The lights of Broadway are shining bright on two Geneseo graduates. Stage manager Kate Wallace '06 and actor Ashley Wool '09 are both involved with the new musical How to Dance in Ohio, which debuted at the Belasco Theatre in early December.
How to Dance in Ohio, based on the Peabody Award-winning documentary by Alexandra Shiva, explores the experiences of seven autistic young adults at a counseling center in Columbus, Ohio, as they prepare for a spring formal dance. The seven characters are all played by autistic actors, including Wool, who stars as Jessica.
At Geneseo, Wool found the space to explore and integrate her unique artistic voice, an opportunity she attributes to the guidance she received from supportive professors such as former vocal coach Alan Case, who encouraged students to venture outside their comfort zone.
"He told me, 'You need to trust yourself more; you need to stop relying on all of us to tell you what to do all the time,'” Wool says. “That blew my mind because it's not typically what an actor hears."
This advice, diverging from the traditional actor's culture of strict adherence to direction, marked the beginning of a new phase where she felt empowered to blend her talents as a singer-songwriter with her work in musical theater, a combination she had not previously considered.
Wallace also has fond recollections of her time at Geneseo.

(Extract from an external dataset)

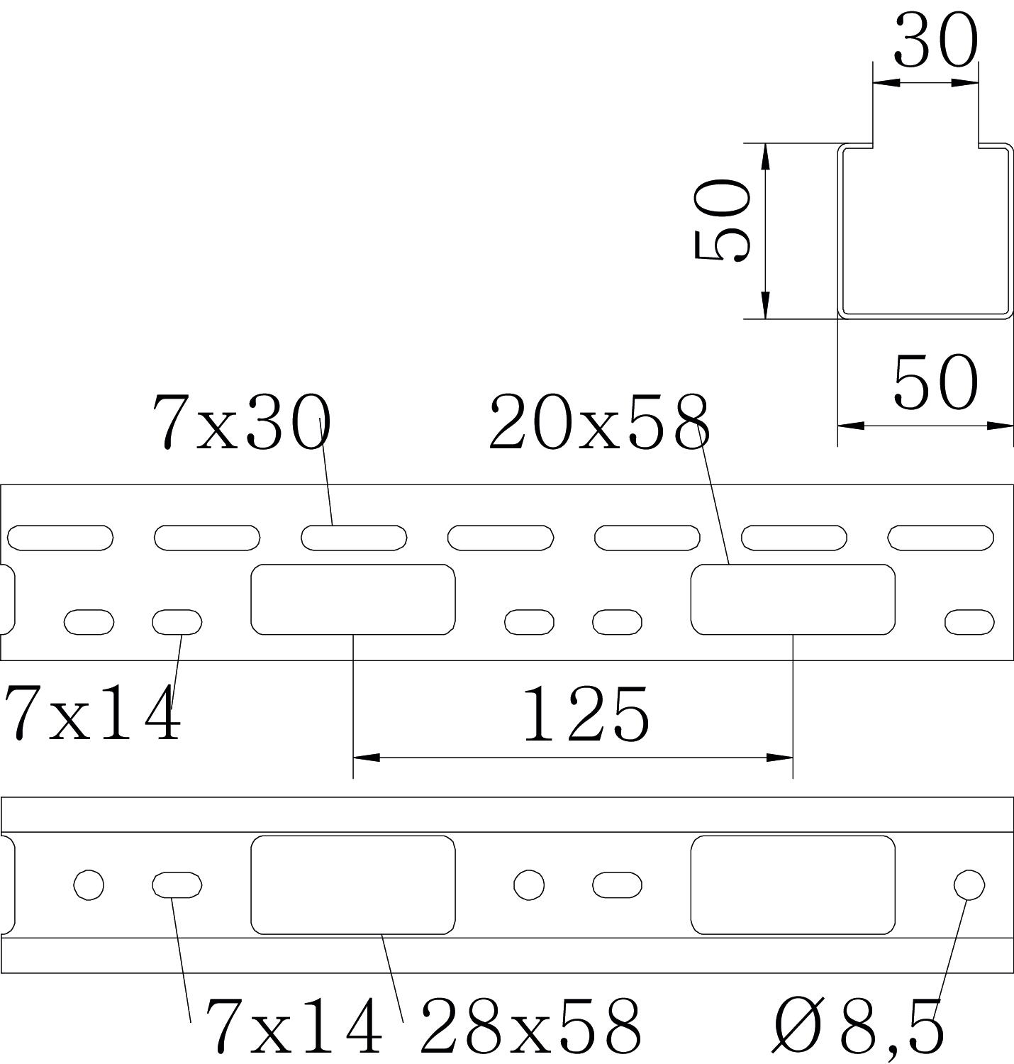 产品描述侧高为50 mm的AZ小线槽。

Unlike larger schools where competition for specific roles could be fierce, Geneseo provided Wallace the opportunity to dive into stage managing and other aspects of theater production, such as lighting design and sound work, right from the start.
Much of Wallace's involvement was guided by Johnnie Ferrell, the theatre department's technical director and lighting and sound designer.

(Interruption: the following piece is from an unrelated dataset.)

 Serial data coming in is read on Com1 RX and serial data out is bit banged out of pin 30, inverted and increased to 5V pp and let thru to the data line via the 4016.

"Johnnie was great at knowing our strengths and weaknesses and when we were ready for the next step," says Wallace. "He was the most patient and kind person you'll ever meet and was a support system for us. For a college student, that feeling of support is the most important thing in the world."
Following college, Wallace leveraged internships and connections from Geneseo to make inroads in the professional theatre scene, landing at the Westport Country Playhouse in Connecticut, and then The Public Theater. There, she connected with Scott Rowen, who became the production stage manager of How to Dance in Ohio.

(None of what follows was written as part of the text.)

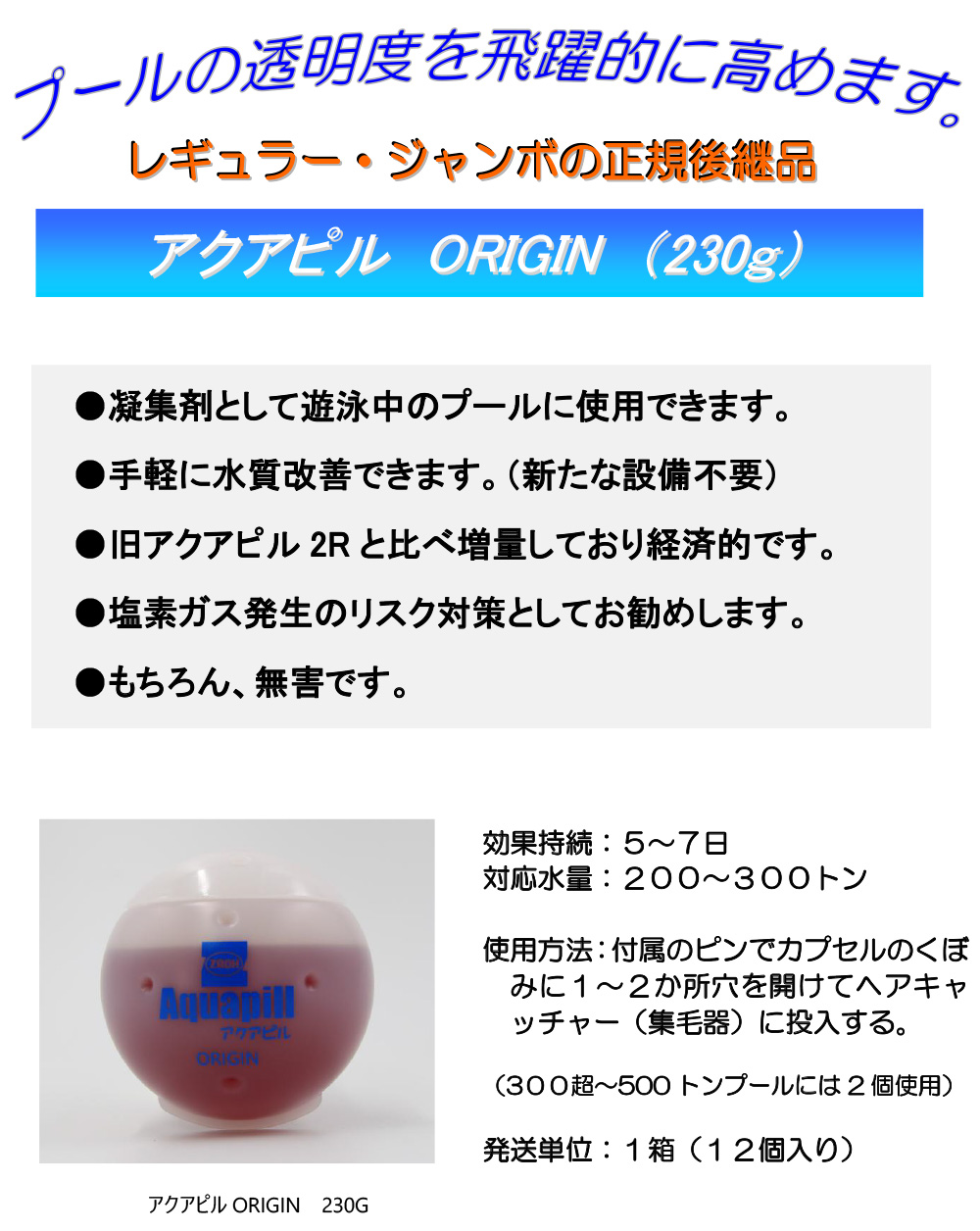 蔵王産業 アクアピル ORIGIN [230g×12個] - 有機系大型プール用凝集剤【代引不可・個人宅配送不可・直送1500円】

"I totally fell in love with the production," says Wallace. "One of the exciting things about the show is there are a ton of Broadway debuts, and to see the joy of a brand-new experience—especially with a group where many of them perhaps didn't grow up seeing representations of themselves on stage—is really special."
After Geneseo, Wool found her footing in community and regional theater, providing valuable experiences and connections. But ten years into her professional journey, the performing arts went dark when the pandemic hit, and Wool began contemplating her future on stage.
"I just wasn't sure what my future was going to be if I was ever going to get back into this industry," she recalls, reflecting on the tumultuous period. "During the same time, I started to become more vocal about my autism diagnosis and wrote an op-ed about autistic representation in the media after this controversial movie came out." The piece received wide notice, and Wool was interviewed by the New York Times.
Shortly following the op-ed, Wool noticed a social media casting call for "How to Dance in Ohio," seeking authentically autistic actors. Motivated by the inclusive casting approach, she submitted for the role of Jessica.
"Everyone in the room knew who I was because of the op-ed I had written," says Wool. "They were honored that I had come out to audition, and after the final callback, I just felt this gigantic cosmic energy shift. After the first rehearsal, I called my mom and said, 'This show is going to Broadway.’"
On working with a fellow Geneseo graduate on Broadway, "It's awesome," Wallace expresses, highlighting daily interactions backstage with Wool. "It's so fun to work with Ashley daily and to see the success and reach of a small theater school."
Reflecting on her journey to Broadway, Wool sees a sense of destiny in her role. "It felt like this was the plan...this is where I was supposed to go," she muses, finding affirmation and acceptance in the audience's and industry's reactions.
Wool takes pride in the show's inclusive environment, where open communication and understanding of each individual's needs have created what many consider one of Broadway's best workplaces.
"We've created an environment where everybody on the team—autistic or not—can openly talk about what they need, without fear of being judged,” she says. “It’s what Alan Case was trying to get me to do all those years ago.”
Editor’s note: Since the publication of this story, Wallace has accepted a new position as assistant stage manager on the Broadway show Water for Elephants.